JEP draft: Provide a low-overhead way of sampling Java heap allocations, accessible via JVMTI

AuthorJC Beyler
OwnerChuck Rasbold
Created2016/12/12 21:31
Updated2018/01/11 08:48
Componenthotspot / jvmti
Reviewed byStaffan Larsen


Provide a low-overhead way of sampling Java heap allocations, accessible via JVMTI.


The overall goal of this proposal is to provide a way of getting information about Java object heap allocations from the JVM that:


There is a deep need for users to understand the contents of their heaps. Poor heap management can lead to problems like heap exhaustion and GC thrashing. As a result, a number of tools have been developed to allow users to introspect into their heaps, such as the Java Flight Recorder, jmap, YourKit, or VisualVM tools.

One piece of information that is lacking from most of the existing tooling is the call site for particular allocations. Heap dumps and heap histograms do not contain this information. This information can be critical to debugging memory issues, because it tells developers the exact location in their code particular (and particularly bad) allocations occurred.

There are currently two ways of getting this information out of HotSpot:

First, you can instrument all of the allocations in your application using a bytecode rewriter (like the one at You can then have the instrumentation take a stack trace (when you want one).

Second, you can use Java Flight Recorder, which takes a stack trace on TLAB refills and when allocating directly into the old generation. The downsides of this are that a) it is tied to a particular allocation implementation (TLABs), and misses allocations that don’t meet that pattern; b) it doesn’t allow the user to customize the sampling rate; c) it only logs allocations, so you cannot distinguish between live and dead objects; and c) it is proprietary, so it cannot be user-extended.

This proposal mitigates those problems by providing an extensible JVMTI interface that allows the user to define the sampling rate, and returning a set of live stack traces.


The user facing API for the heap sampling feature proposed by this JEP consists of an extension to JVMTI that allows for heap profiling. The following structure represents a single heap sample:

struct jvmtiStackTrace {
  jvmtiFrameInfo *frames;
  jint frame_count;
  jint size;
  jlong thread_id;

where frames are the stack trace where the allocation event happened; size is the size of the allocation (in bytes); thread_id is the Java thread id.
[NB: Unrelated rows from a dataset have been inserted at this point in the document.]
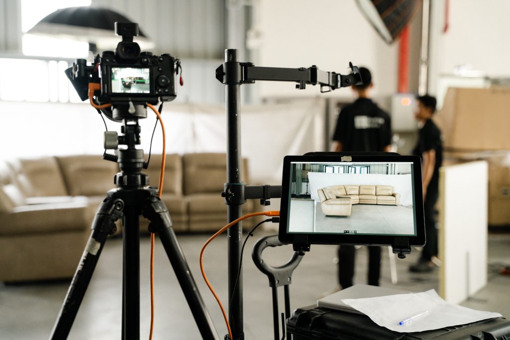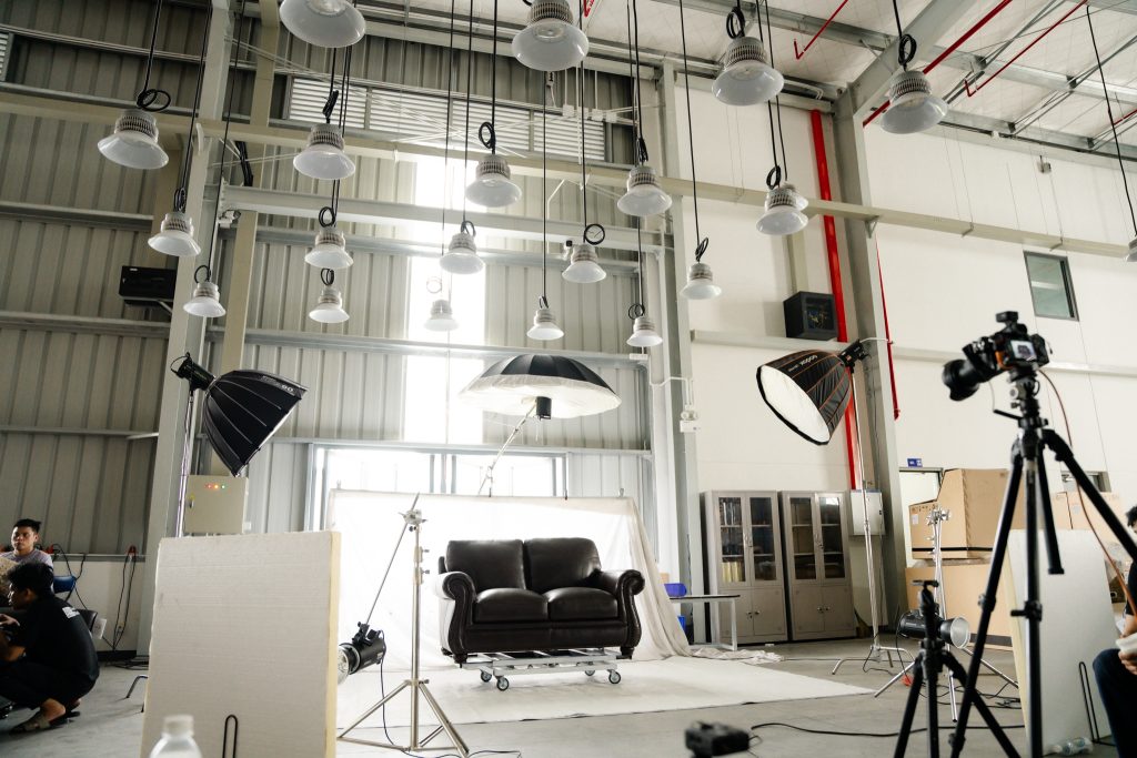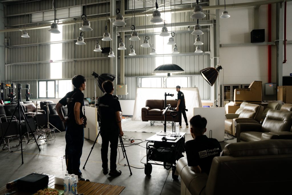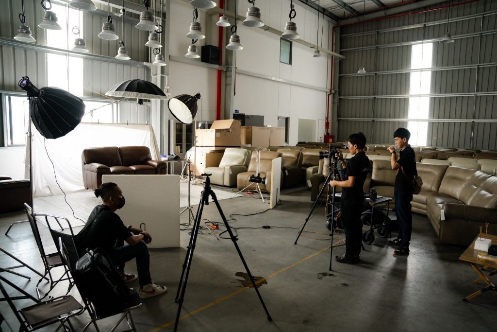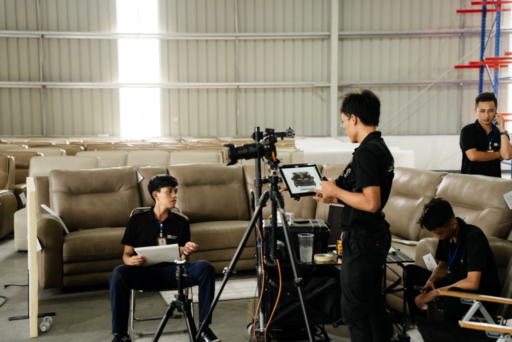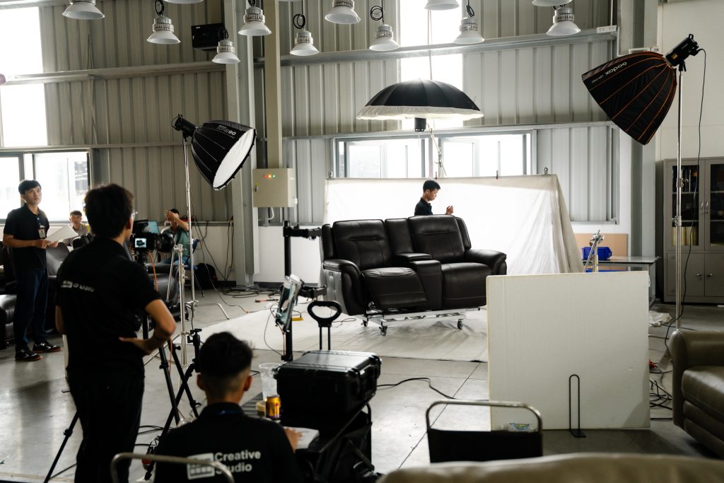 Như bạn thấy trong những hình ảnh hậu trường, thay vì cố gắng di chuyển những bộ sofa nặng nề vào studio chật hẹp, team 35mm.vn đã thiết lập một “phim trường dã chiến” ngay tại kho hàng của khách.
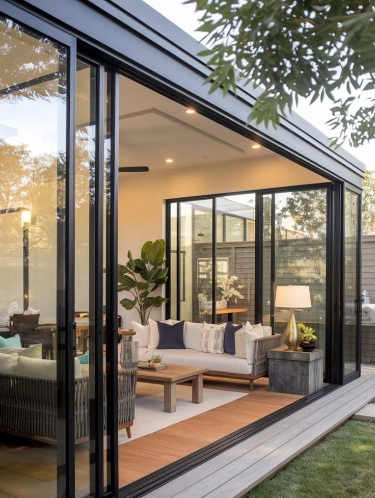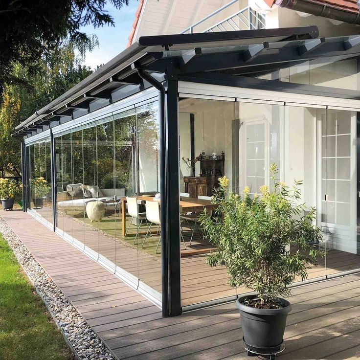 Дополнительное пространство дома в холодное время года, а в жаркие дни створки можно открыть полностью
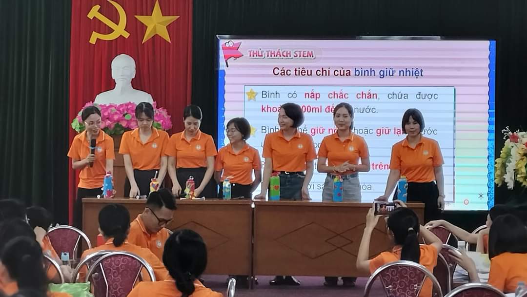 Tại hội thảo, đại biểu được dự giờ 3 tiết học STEM. Học sinh được thực hành làm bình giữ nhiệt bằng các nguyên liệu thủ công đơn giản qua đó khuyến khích các em phát huy khả năng sáng tạo, được tiếp cận sớm với giáo dục khoa học, kĩ thuật để phát triển toàn diện về trí tuệ, thể chất. Sau khi dự tiết dạy, các đ/c giáo viên được trao đổi thảo luận về việc xây dựng kế hoạch bài dạy, nội dung, hình thức, phương pháp tổ chức các hoạt động giáo dục STEM.
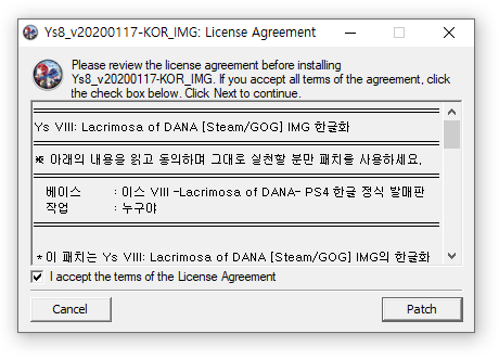 이스 8 라크리모사 오브 다나(Ys VIII, Lacrimosa of DANA) 한글패치입니다.
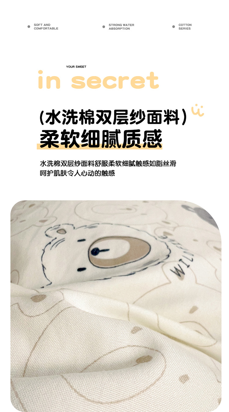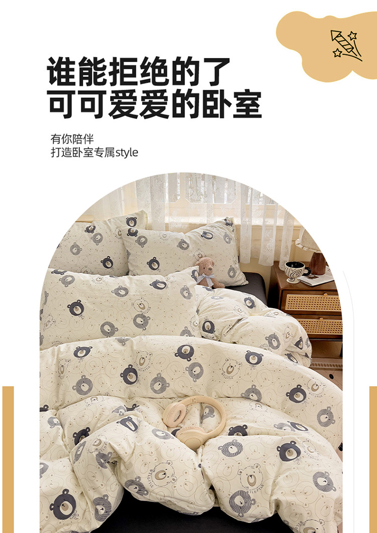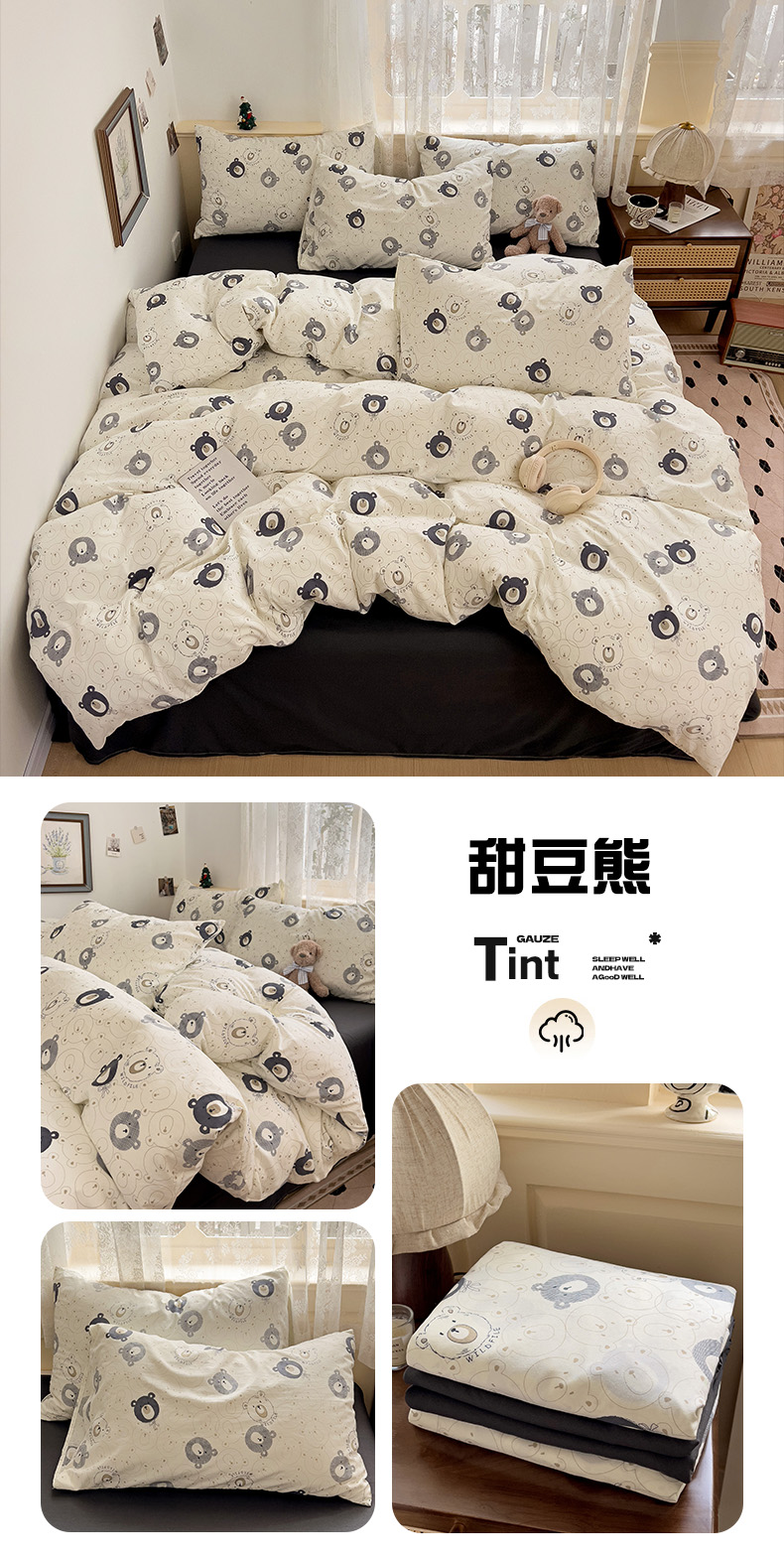 当前位置: 91家纺网 > 商品网购 > 床品套件 > 四件套 > 其它四件套 > 夜笙2025新款A类水洗棉双层纱印花四件套 甜豆熊
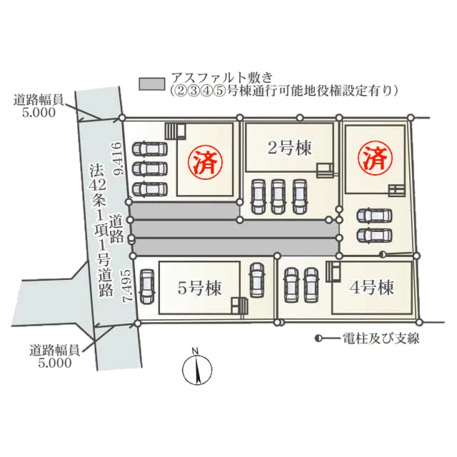 | 土地面積 | 【1号棟】120.52㎡(36.45坪) 【2号地】152.20㎡(46.04坪) 【3号棟】176.46㎡(53.37坪) 【4号棟】164.68㎡(49.81坪) 【5号棟】119.06㎡(36.01坪) |
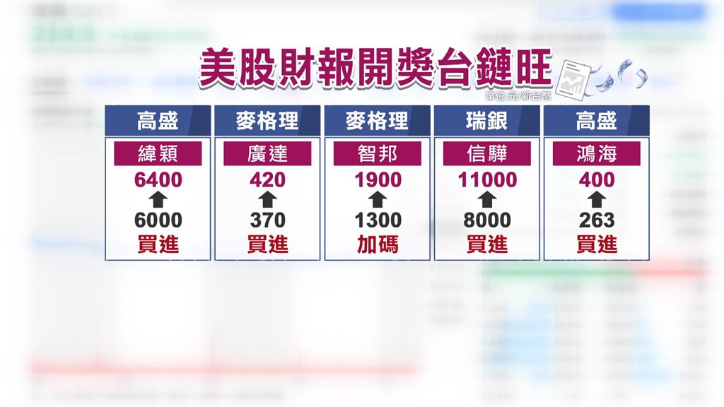 而信驊多家外資目標已經突破萬元水準,目前瑞銀最高11000元,鴻海上看400元的目標價則是來自高盛。
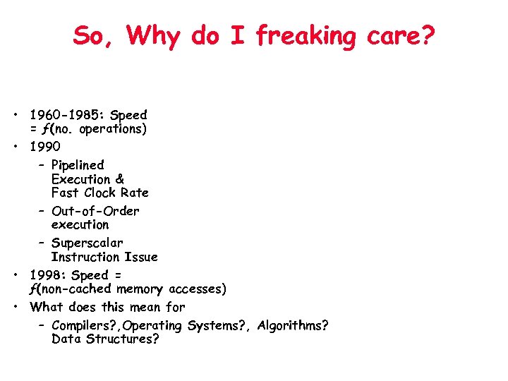 So, Why do I freaking care? • 1960 -1985: Speed = ƒ(no. operations) • 1990 – Pipelined Execution & Fast Clock Rate – Out-of-Order execution – Superscalar Instruction Issue • 1998: Speed = ƒ(non-cached memory accesses) • What does this mean for – Compilers? , Operating Systems? , Algorithms? Data Structures?
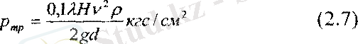 Ығыстыру құбырының колоннасындағы гидравликалық кедей мәндері мына формуламен анықталады:
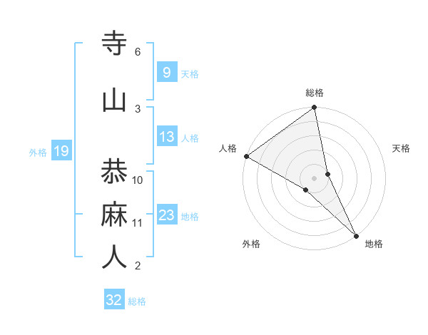 寺山 恭麻人さんの総格は32画の5点!
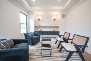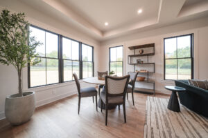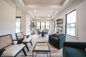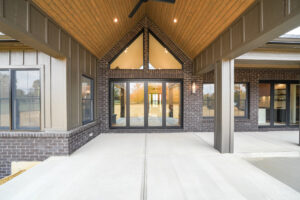 The Aspen’s most striking feature is its seamless transition to the outdoors. The great room and kitchen feature two sets of incredible breakaway style glass doors that fold open completely to an expansive covered outdoor living area. This creates a true indoor outdoor retreat, perfect for hosting summer gatherings or simply enjoying the tranquil property.
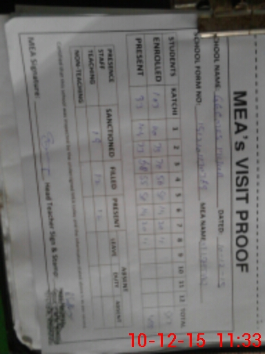 | Attendance Register | Head Teacher | MEA with School | Visit Proof |
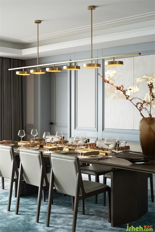 青島樣板房設計為本項目訂制手工竹絲地毯,其圖案及顏色與墻面藍灰色呼應統(tǒng)一,整體彰顯主人品位與高貴的生活方式。

The new API also includes several new JVMTI methods. The first method added by the API enables tracing:

jvmtiError StartHeapSampling(jvmtiEnv *env, jint monitoring_rate, jint max_gc_storage);

A stop mechanism is possible via:

jvmtiError StopHeapSampling(jvmtiEnv *env);

The JVM handles bookkeeping, with two more functions providing a means to inspect the current allocation behavior:

jvmtiError GetLiveTraces(jvmtiEnv *env, jvmtiStackTraces* stack_traces);

jvmtiError GetGarbageTraces(jvmtiEnv *env, jvmtiStackTraces* stack_traces);

These functions get the information about sampled objects. GetLiveTraces gets sampled information associated with objects that have not been garbage collected yet. GetGarbageTraces returns some of the objects that have recently been garbage collected.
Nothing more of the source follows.